在特定的在Presto集群启动的时候, 会在每个Worker上都启动一个Presto Server进程, 该进程会提供RESTful服务,用于处理前缀为/v 1/task/的URI标示的RESTful请求。而对于形如/v 1/task/*的RESTful请求的处理均由类Task Resource完成。Task Resource类对创建Task的RESTful请求的处理函数如下:
@POST
@Path("{taskId}")
@Produces({MediaType.APPLICATION_JSON, APPLICATION_JACKSON_SMILE})
@Consumes({MediaType.APPLICATION_JSON, APPLICATION_JACKSON_SMILE})

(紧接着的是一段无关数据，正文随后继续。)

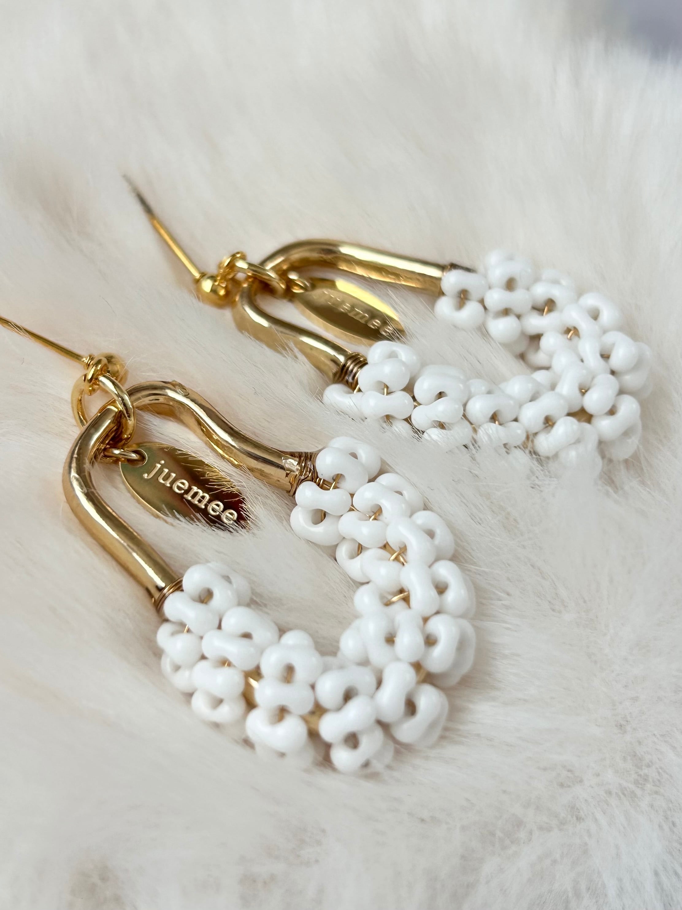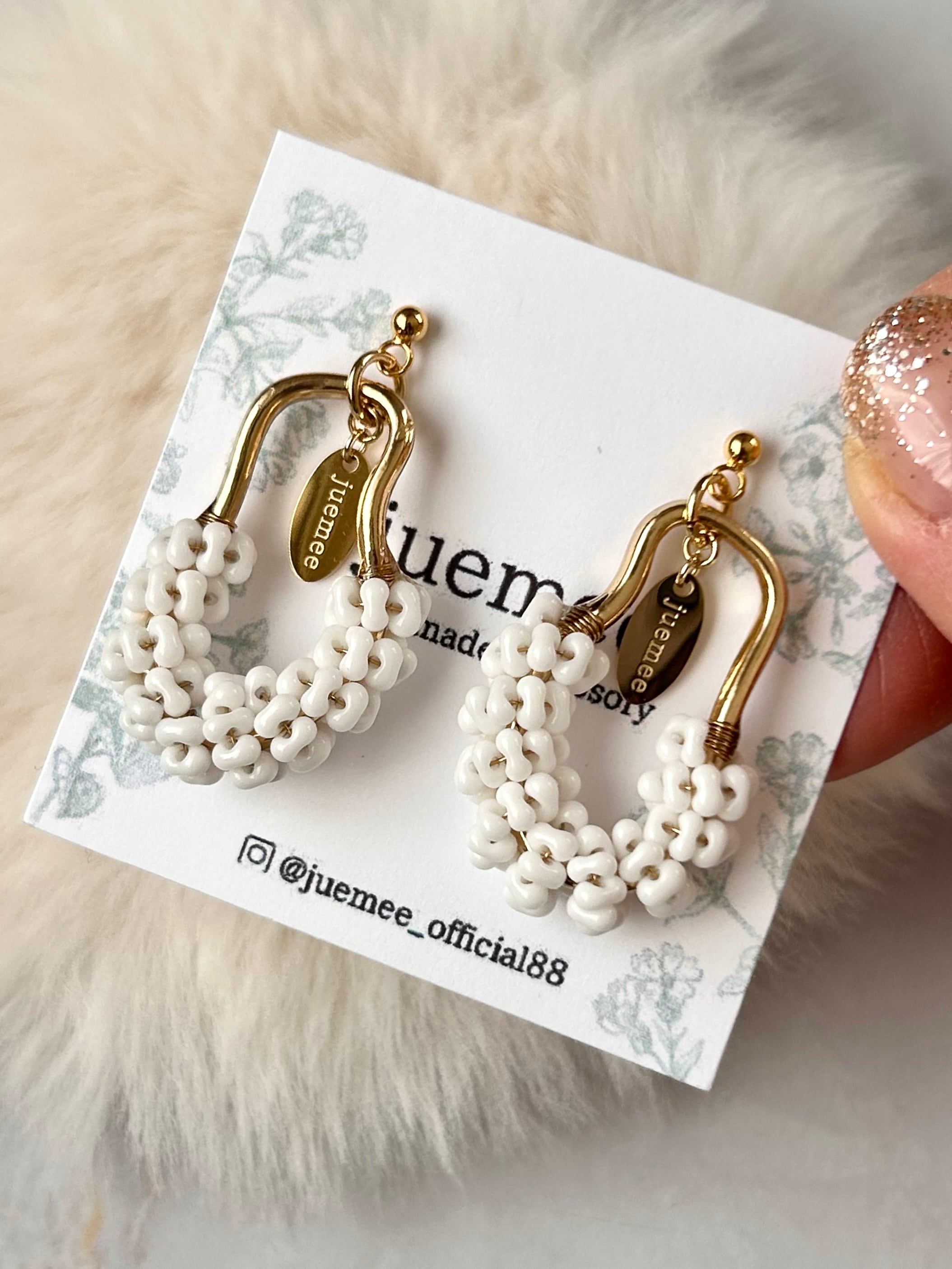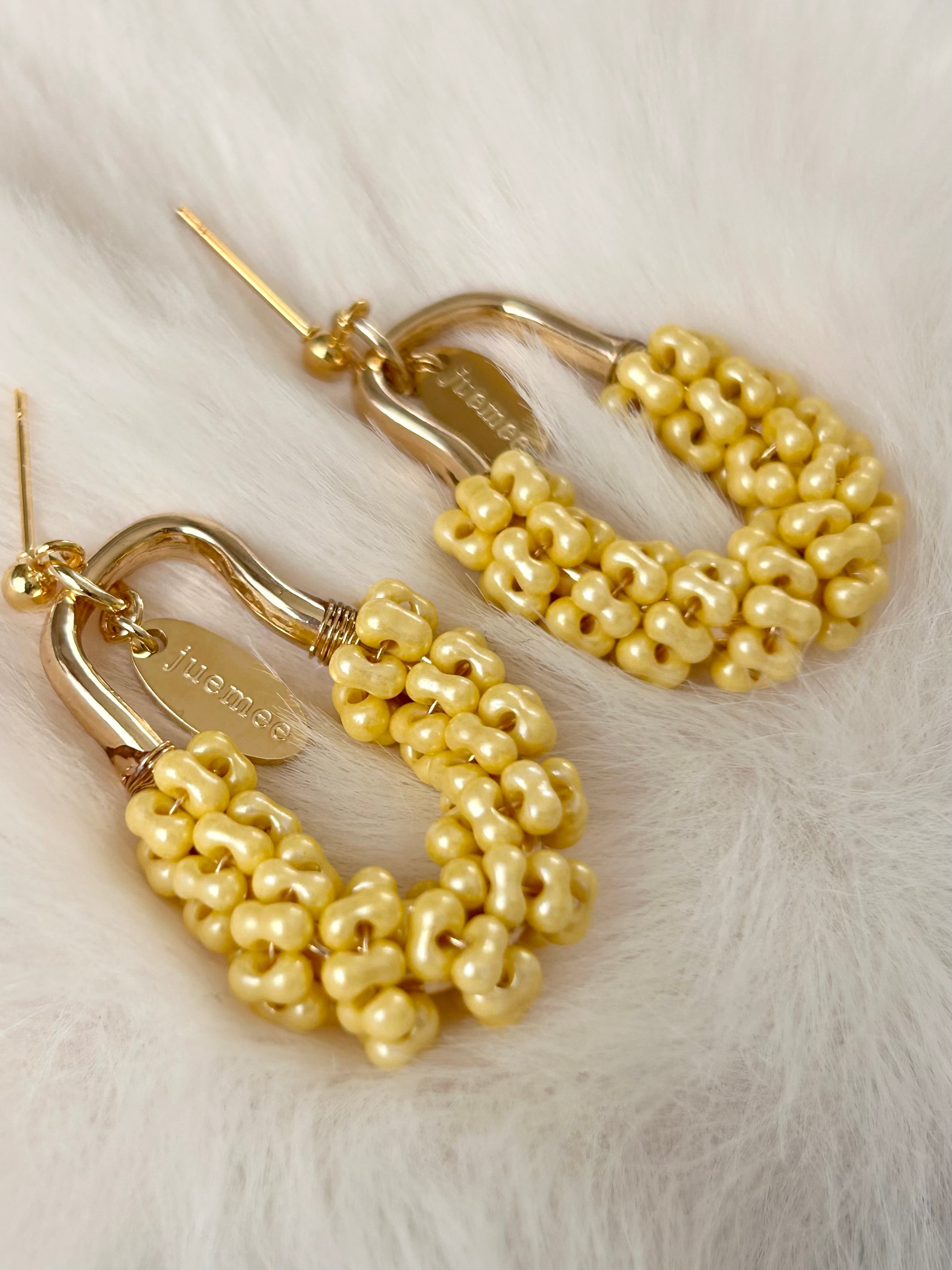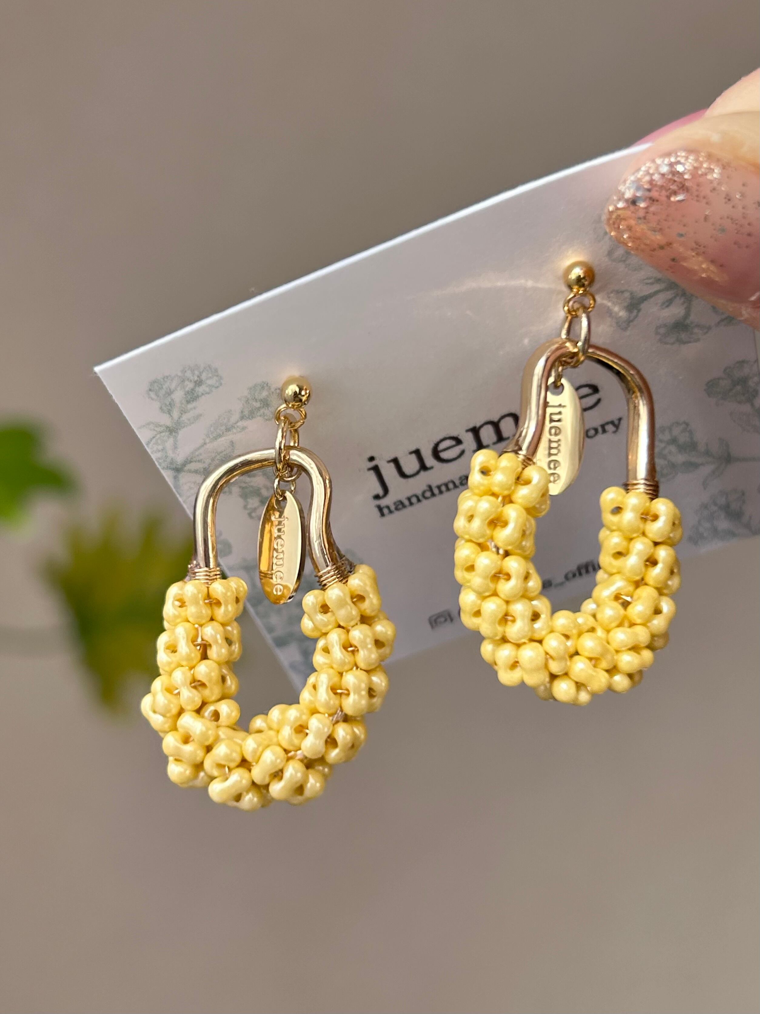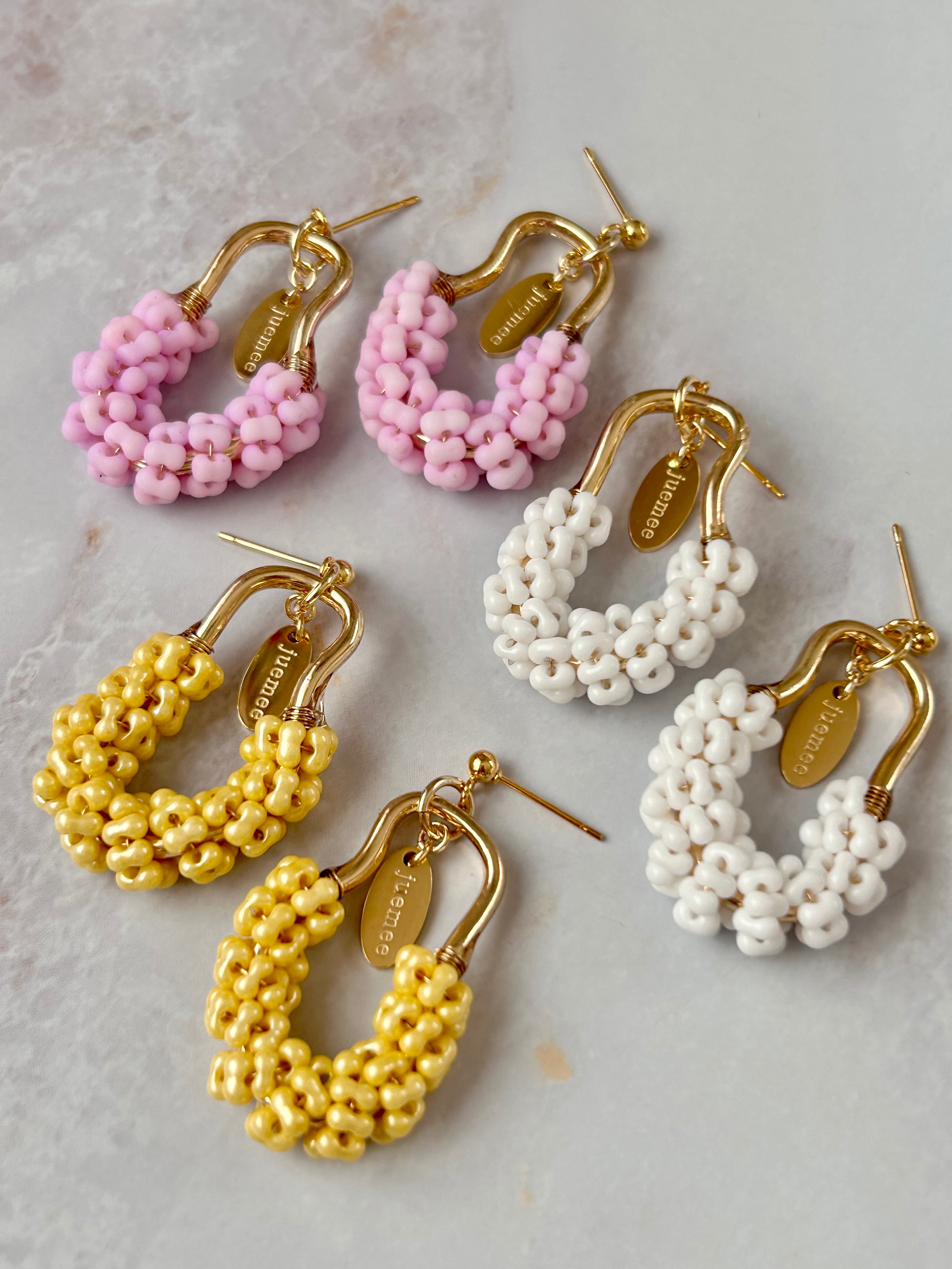ワイヤーでひとつひとつ丁寧にファルファーレビーズを編み上げた、juemeeオリジナルのピアス&イヤリングです♡

public Response createOrUpdateTask(
@PathParam("taskId") TaskId taskId,
TaskUpdateRequest taskUpdateRequest,
@Context UriInfo uriInfo)
{
try {
requireNonNull(taskUpdateRequest, "taskUpdateRequest is null");
}
catch (Exception ex) {
return Response.status(Status.BAD_REQUEST).build();
}
Session session = taskUpdateRequest.getSession().toSession(sessionPropertyManager, taskUpdateRequest.getExtraCredentials());
// 开启任务
TaskInfo taskInfo = taskManager.updateTask(
session, // 会话
taskId, // task id
taskUpdateRequest.getFragment(), //
taskUpdateRequest.getSources(), //
taskUpdateRequest.getOutputIds(), //
taskUpdateRequest.getTotalPartitions(),
taskUpdateRequest.getConsumerId(),
taskUpdateRequest.getTaskInstanceId());
if (taskInfo == null) {
return Response.ok().entity(createAbortedTaskInfo(taskId, uriInfo.getAbsolutePath(), taskUpdateRequest.getTaskInstanceId())).build();
}
if (shouldSummarize(uriInfo)) {
taskInfo = taskInfo.summarize();
}
return Response.ok().entity(taskInfo).build();
}
对新建的task的restful的处理主要是有方法TaskManager::updateTask具体实现如下:
@Override
public TaskInfo updateTask(Session session, TaskId taskId, Optional<PlanFragment> fragment, List<TaskSource> sources, OutputBuffers outputBuffers, OptionalInt totalPartitions, Optional<PlanNodeId> consumer, String expectedTaskInstanceId)
{
requireNonNull(session, "session is null");
requireNonNull(taskId, "taskId is null");
requireNonNull(fragment, "fragment is null");
requireNonNull(sources, "sources is null");
requireNonNull(outputBuffers, "outputBuffers is null");
// 获取sqlTask
SqlTask sqlTask;
if (isNullOrEmpty(expectedTaskInstanceId)) {
sqlTask = tasks.getUnchecked(taskId);
}
else {
sqlTask = currentTaskInstanceIds.get(expectedTaskInstanceId);
if (sqlTask == null) {
return null;
}
}
if (resourceOvercommit(session)) {
// TODO: This should have been done when the QueryContext was created. However, the session isn't available at that point.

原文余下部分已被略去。